The voltage in a circuit is given by the formula V = 16t3 - 79t. Find the values for t for which V is a maximum or a minimum.
larger t in seconds =
smaller t in seconds =
My Answer:
V=16t^3-79t
V'=48t^2-79
0=48t^2-79
Sq root of 1.645833 = t
1.2829= t
V''=96t positive therefore a min
Larger t = 1.2829
smaller t = -1.2829
Can you please confirm this is correct.
looks good to me, but I wonder whether negative values of t make sense ...
Thanks Steve.
Your calculations are not correct.
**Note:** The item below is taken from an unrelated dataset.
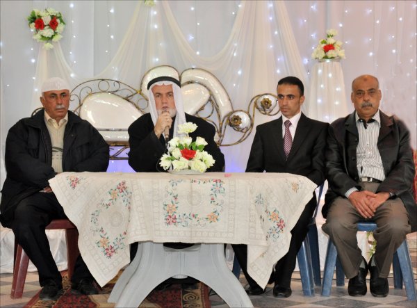 السادة: والد العروس، العريس، الشيخ مازن الأغا متحدثاً، والد العريس

Let me guide you through the correct steps to find the values of t for which V is a maximum or minimum.
Given the equation V = 16t^3 - 79t, we need to find the critical points by setting the derivative V' equal to zero.
Step 1: Find the derivative of V with respect to t:
V' = dV/dt = 48t^2 - 79
Step 2: Set V' equal to zero and solve for t:
48t^2 - 79 = 0
Step 3: Solve the quadratic equation:
48t^2 = 79
t^2 = 79/48
t = ±sqrt(79/48)
Step 4: Simplify the square root and calculate the approximate values of t:
t ≈ ± 1.1087
Therefore, the approximate values for t when V is a maximum or minimum are t ≈ 1.1087 and t ≈ -1.1087.
To summarize:
Larger t in seconds ≈ 1.1087
Smaller t in seconds ≈ -1.1087
Please note that the values provided are approximate, as we rounded the square root.